施氮对不同肥力土壤小麦氮营养和产量的影响

【目的】农田养分供应是由土壤基础肥力和肥料投入共同决定的,不同土壤肥力下土壤养分供应能力和特征也不同。本文研究了河南省高、低肥力田块下,不同施氮量对小麦主要生育时期植株氮素营养和土壤硝态氮及产量的影响,以期为河南省同类生产条件下氮肥的合理施用和产量的提升提供参考和依据。【方法】2015—2016年,以小麦品种矮抗58为供试材料进行大田试验,分别设置0、120、225、330 kg/hm^2 4个施氮处理(表示为N0、N1、N2、N3),在开花期到成熟期调查施氮量对土壤硝态氮及产量的影响;在开花期、花后10天和花后20天,测定施氮量对小麦旗叶到倒4叶的叶片氮含量、SPAD值和氮素积累量,以及对植株和所有叶片氮含量的影响。

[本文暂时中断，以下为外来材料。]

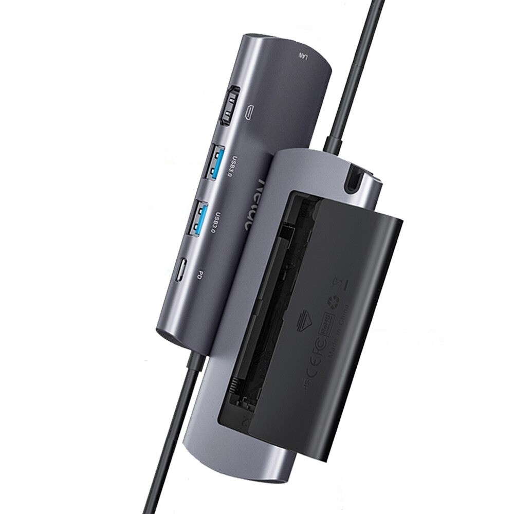 USB Hub: USB-C (female), 2x USB 3.0 (female), HDMI (female), RJ45 (female), M.2 NGFF slot
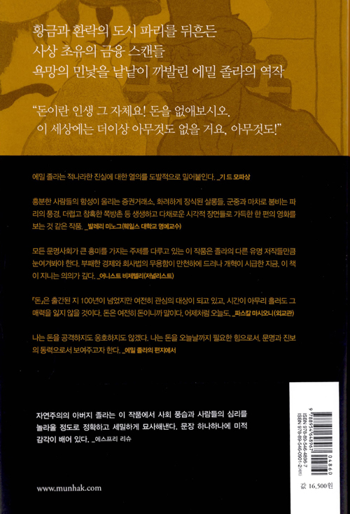 이렇듯 돈의 흐름새가 점차 조직화되고 거대해지면 투기가 늘기 마련이죠. 에밀 졸라의 <돈>은 바로 이런 시대상을 배경으로 한 작품입니다. 100년도 훨씬 넘은 시절의 '본격 금융 소설'이지만 오늘날 읽어도 여전히 흥미진진합니다. 금융시장의 생리를 알고 읽으면 더 큰 감흥을 얻게 되실 거예요.

【结果】从开花期到成熟期土壤中硝态氮含量随着施氮量的增加而增加,高肥力田块的土壤硝态氮含量显著高于低肥力田块的土壤硝态氮含量。施氮能显著增加低肥力田块产量,但是高肥力田块的产量均高于低肥力田块,与不施氮相比,低肥力田块的产量最大增幅是高肥力田块产量最大增幅的2.63倍。N1和N2处理下,在开花期和花后10天倒2叶的SPAD值高肥力田块显著高于低肥力田块,但在花后20天低肥力田块显著高于高肥力田块。在N1、N2和N3处理下,旗叶的氮含量在花后10天高肥力田块显著高于低肥力田块,但在花后20天则显著相反。开花期到花后20天,对于低肥力田块旗叶的氮素积累量对上4叶的贡献率最大(N0除外),最高达52.6%;高肥力田块,旗叶和倒2叶对上4叶的氮素积累量贡献率处在同等重要的位置,最高分别达39.9%和39.7%。花后10天到花后20天,高肥力田块不同叶位的氮素转运量和转运率均高于低肥力田块(N0除外)。【结论】增施氮肥可以通过提高土壤硝态氮含量来提高土壤供氮能力,高肥力田块的叶片转运量和转运率比低肥力田块高,低肥力田块通过提高施氮量增加的产量低于高肥力田块下的产量,因此,需改善农田基础肥力来提高产量。通过对高、低肥力条件下产量的分析发现,达到最高产量时的施氮量分别为213kg/hm^2和287 kg/hm^2。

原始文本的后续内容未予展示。